Untungnya, kita masih menyukai mendengar radio lokal dan membaca koran lokal.
Padahal, jika ternyata sinyal telepon pun tak ada, mungkin kita akan kembali ke
zaman dulu. Dimana surat menyurat melalui kantor pos terasa sangat romantis
dibandingkan dengan video call.
Informasi yang pertama saya dapatkan
adalah dari seorang teman yang kebetulan kerja di dinas komikasi dan informasi.
Menurut dia, kejadian ini disebabkan karena putusnya kabel fiber optik di laut
akibat gempa yang terjadi di sekitar Kabupaten Sarmi. Pesan dari kementrian
komunikasi dan informasi juga masuk di handphone masing-masing orang yang
isinya sangat mengejutkan. Perbaikan yang dilakukan memakan waktu sebulan untuk
dapat pulih kembali. Itu artinya selama sebulan kita harus puasa menggunakan
media sosial. Sanggupkah kita?
Ternyata kita mampu. Sebab sebelum
menjadi masyarakat dunia maya, kita adalah masyarakat sosial yang hidup
bertentangga. Dengan tanpa internet semoga kehidupan sosial kita bisa kembali
seperti biasa. Jika dulu dalam satu rumah saja kita saling berkirim pesan
melalui media sosial hanya untuk mengatakan hal-hal yang terlalu remeh temeh, maka
dengan ketiadaan internet kita mulai menyuarakan apa yang kita inginkan dengan
suara. Pelan-pelan, kita juga belajar untuk melakukan kebiasaan menggunakan
gadget. Setidaknya setiap bangun pagi kita tidak melihat gadget. Eh, tapi tetep
sih. Tiap bangun pagi tetep lihat gadget sambil berharap sudah ada tulisan 4G
di layar handphone.
Walaupun kita mampun puasa untuk
tidak bermedia sosial, namun keadaan perekonomian yang mengandalkan internet
untuk menjalankan usaha tidak mampun untuk hidup. Sebut saja usaha penjualan
tiket yang memerlukan akses internet untuk proses pencarian dan pembelian.
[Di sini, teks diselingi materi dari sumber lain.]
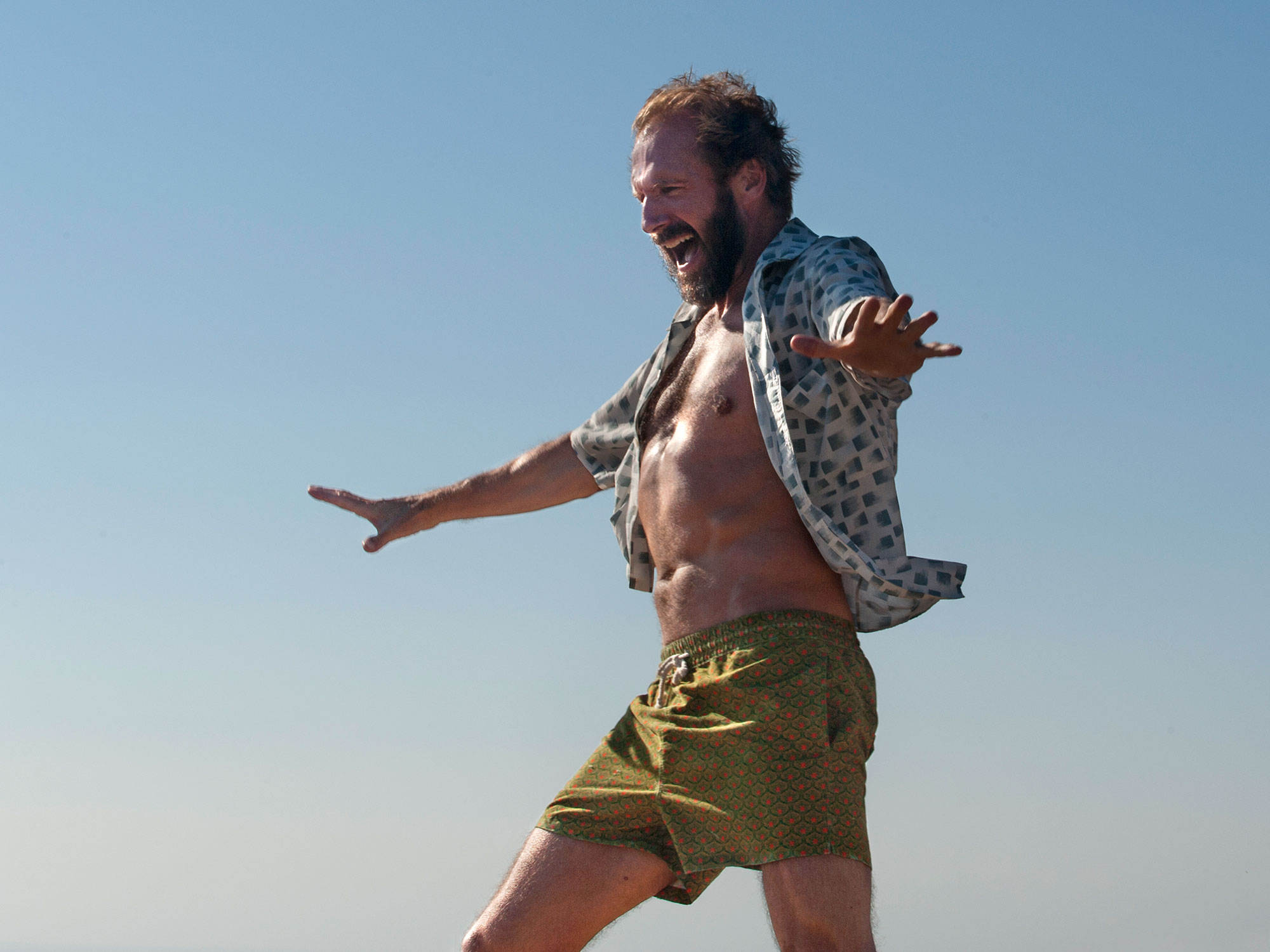 Departing from his typically straight-laced on-screen persona, Ralph Fiennes throws some serious shapes in director Luca Guadagnino’s new film, A Bigger Splash. Fiennes plays Harry Hawkes, an eccentric music producer who springs an unexpected visit on his rock-star ex-lover Marianne Lane (Tilda Swinton), who is holidaying with her boyfriend (Matthias Schoenaerts) on the Italian island of Pantelleria. In a stand-out scene, Hawkes gyrates to the Rolling Stones track ‘Emotional Rescue’ while strutting around Lane’s villa.

Pengusaha yang menyediakan barang dan jasa melalui online juga harus bersabar
selama sebulan. Institusi pemerintah dan instansi lainnya juga membutuhkan
sinyal internet untuk saling menukar informasi dengan pusat, provinsi lain,
bahkan negara lain.
Kesimpulannya adalah ketiadaan
internet ini sangat menyusahkan semua pihak. Kejadian ini kemudian harusnya
menjadi pembelajaran pada instansi yang mengurusi hal tersebut. Bahwa saking
pentingnya ketersediaan internet, maka biaya perawatannya harus dimaksimalkan.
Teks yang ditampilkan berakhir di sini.